TASK OBJECTIVE
Nothing but the lines below from the first through the one with "贈北榮桃分院 慈護宮提供684瓶「桃園媽茶樹酒精消毒液」!" should appear, printed exactly; please leave pictures out.

EXTRACTED MATERIAL
---

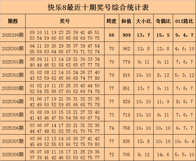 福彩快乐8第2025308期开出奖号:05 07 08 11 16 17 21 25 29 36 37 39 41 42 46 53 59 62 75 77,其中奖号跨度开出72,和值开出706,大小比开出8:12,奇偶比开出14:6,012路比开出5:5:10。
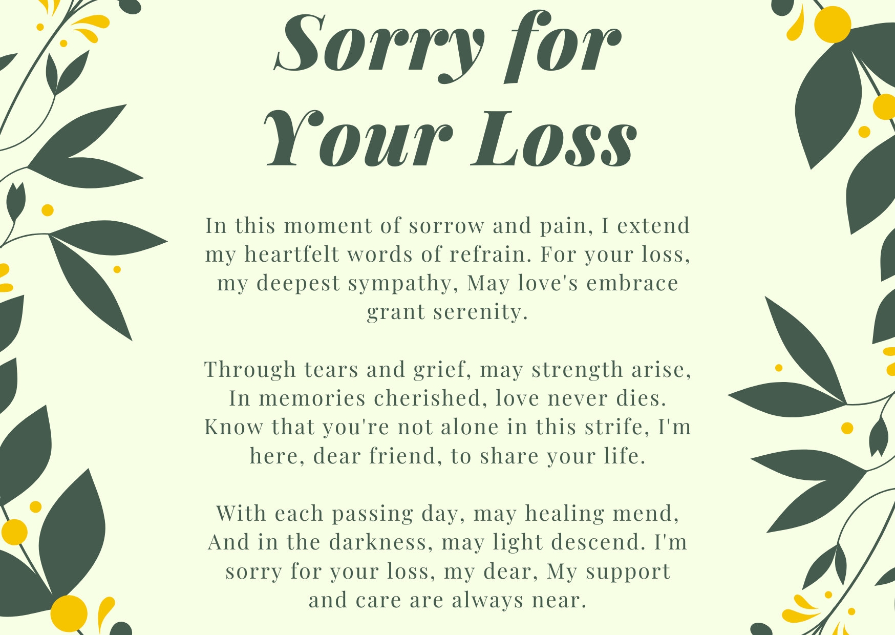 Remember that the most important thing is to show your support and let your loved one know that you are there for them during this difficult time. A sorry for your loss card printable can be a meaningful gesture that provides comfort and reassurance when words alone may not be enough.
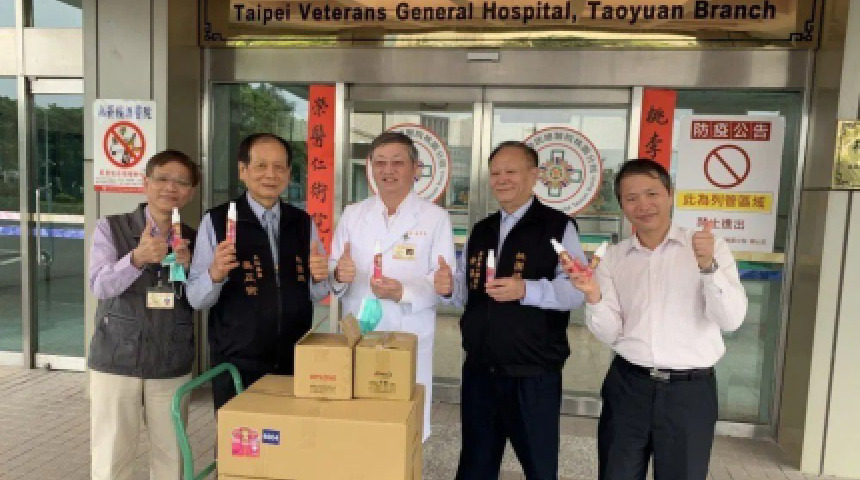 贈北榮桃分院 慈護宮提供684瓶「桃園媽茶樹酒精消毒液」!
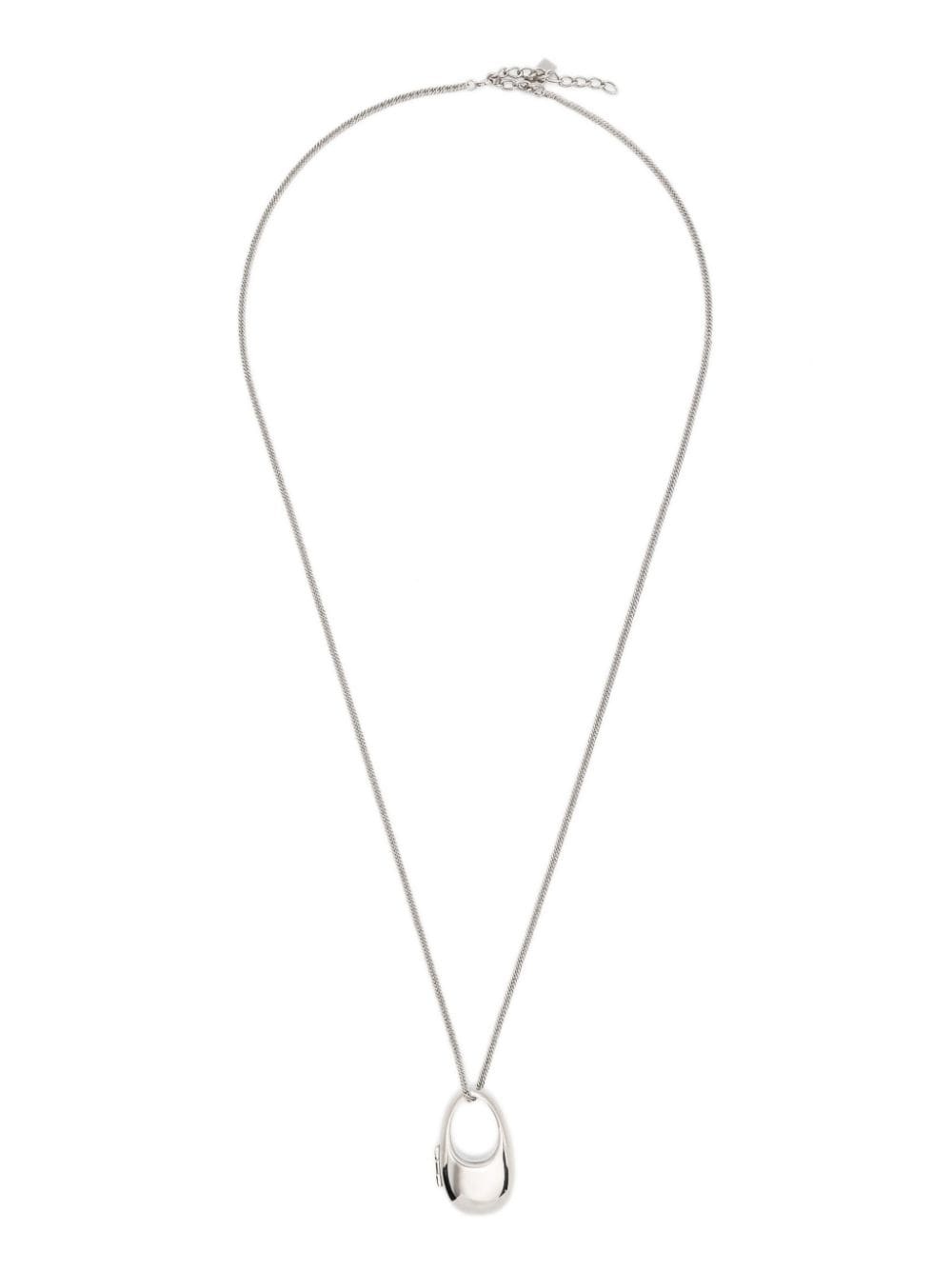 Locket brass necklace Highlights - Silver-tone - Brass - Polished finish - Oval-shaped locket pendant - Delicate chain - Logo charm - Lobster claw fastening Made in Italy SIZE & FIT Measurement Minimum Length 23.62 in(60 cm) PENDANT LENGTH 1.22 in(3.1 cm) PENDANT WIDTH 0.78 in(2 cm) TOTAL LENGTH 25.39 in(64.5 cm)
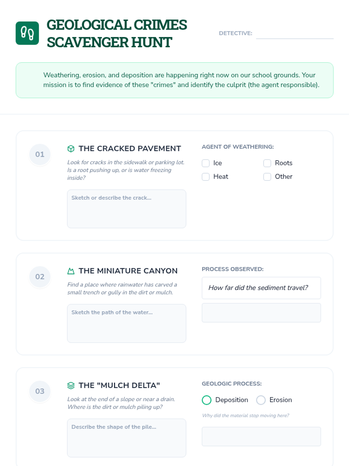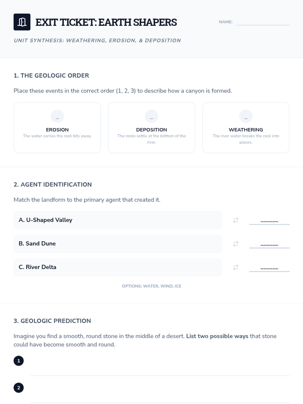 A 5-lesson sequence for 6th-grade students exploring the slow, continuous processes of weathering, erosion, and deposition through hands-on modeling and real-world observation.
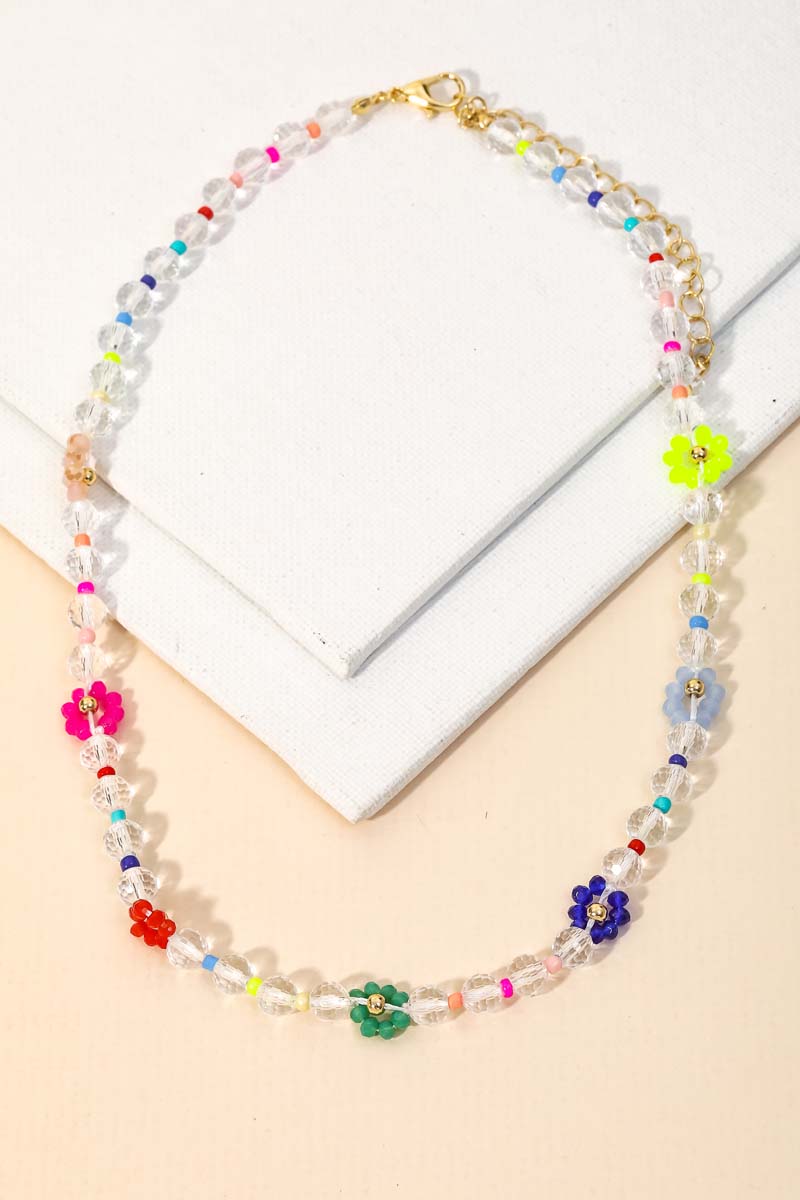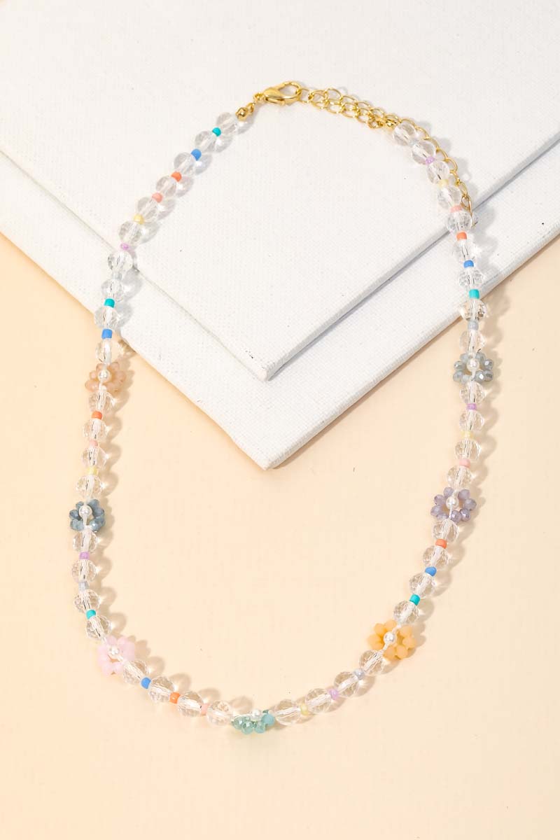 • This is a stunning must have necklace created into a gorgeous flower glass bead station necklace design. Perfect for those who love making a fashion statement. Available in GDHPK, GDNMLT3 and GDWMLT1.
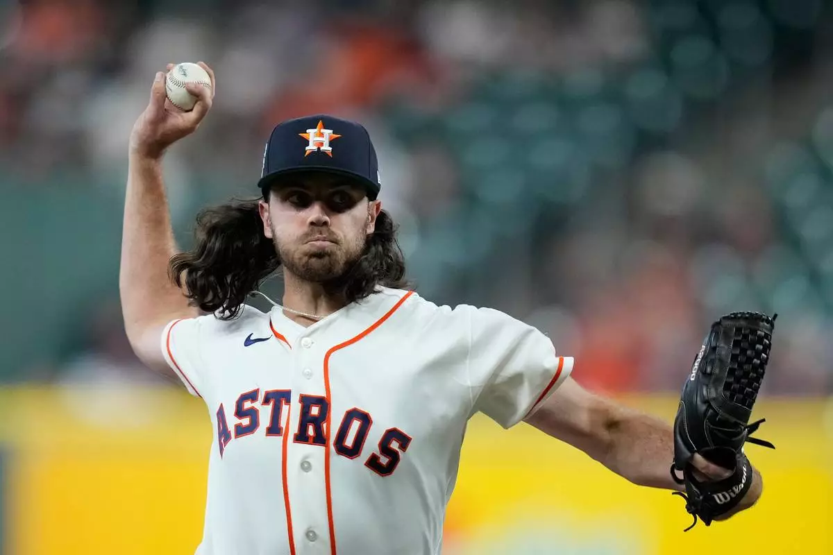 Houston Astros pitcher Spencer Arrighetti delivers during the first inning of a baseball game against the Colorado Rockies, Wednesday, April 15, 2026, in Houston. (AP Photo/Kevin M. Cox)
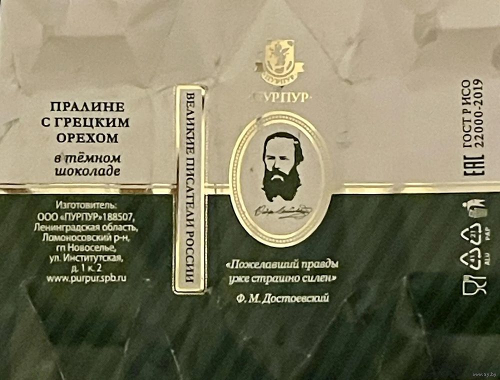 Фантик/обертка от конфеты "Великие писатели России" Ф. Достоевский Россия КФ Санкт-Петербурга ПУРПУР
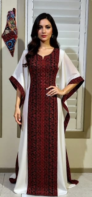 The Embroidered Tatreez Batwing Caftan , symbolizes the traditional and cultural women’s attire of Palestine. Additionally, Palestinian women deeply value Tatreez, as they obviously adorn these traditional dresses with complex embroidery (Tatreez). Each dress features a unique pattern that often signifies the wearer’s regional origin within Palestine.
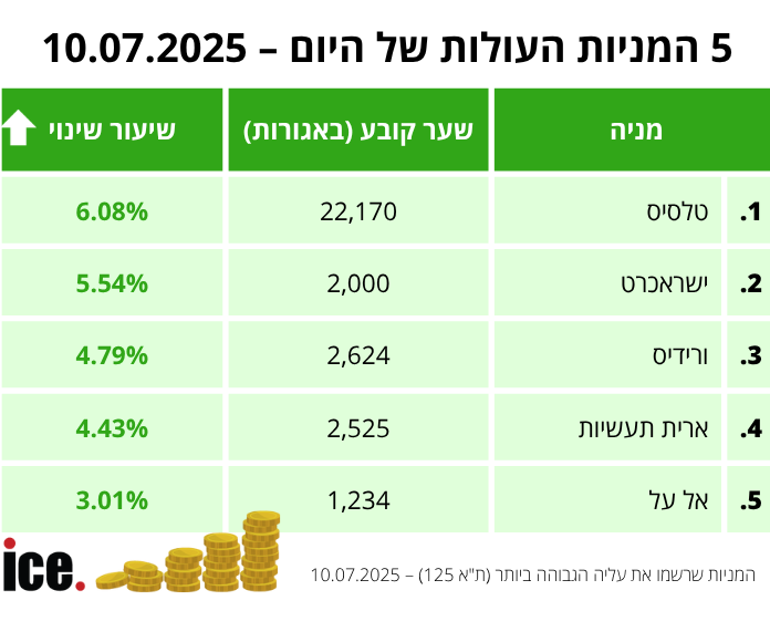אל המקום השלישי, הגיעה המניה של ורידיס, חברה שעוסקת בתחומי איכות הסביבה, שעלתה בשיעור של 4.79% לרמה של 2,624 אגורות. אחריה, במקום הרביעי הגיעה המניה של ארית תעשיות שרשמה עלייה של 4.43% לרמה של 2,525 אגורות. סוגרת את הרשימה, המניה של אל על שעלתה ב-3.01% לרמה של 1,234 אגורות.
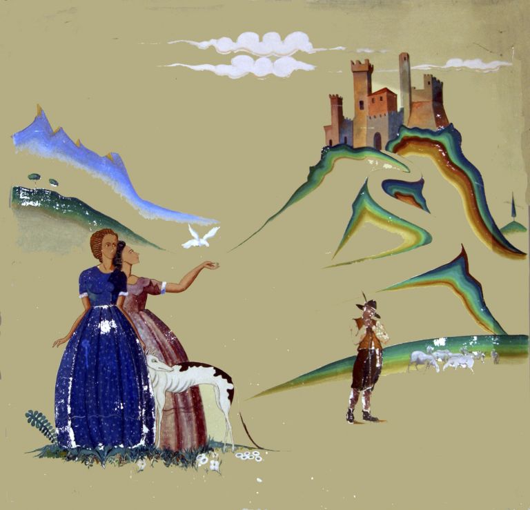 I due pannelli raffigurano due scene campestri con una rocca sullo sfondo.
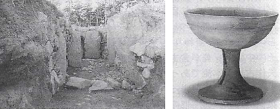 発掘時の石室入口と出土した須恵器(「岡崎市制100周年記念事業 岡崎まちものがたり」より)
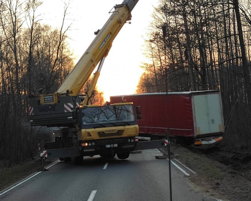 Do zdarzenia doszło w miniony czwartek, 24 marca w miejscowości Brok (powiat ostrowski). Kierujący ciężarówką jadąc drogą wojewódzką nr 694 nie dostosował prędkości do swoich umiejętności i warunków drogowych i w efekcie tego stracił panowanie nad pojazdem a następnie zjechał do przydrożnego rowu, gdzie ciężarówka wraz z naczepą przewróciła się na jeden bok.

---

REPLY TO THE TASK
 福彩快乐8第2025308期开出奖号:05 07 08 11 16 17 21 25 29 36 37 39 41 42 46 53 59 62 75 77,其中奖号跨度开出72,和值开出706,大小比开出8:12,奇偶比开出14:6,012路比开出5:5:10。
 Remember that the most important thing is to show your support and let your loved one know that you are there for them during this difficult time. A sorry for your loss card printable can be a meaningful gesture that provides comfort and reassurance when words alone may not be enough.
 贈北榮桃分院 慈護宮提供684瓶「桃園媽茶樹酒精消毒液」!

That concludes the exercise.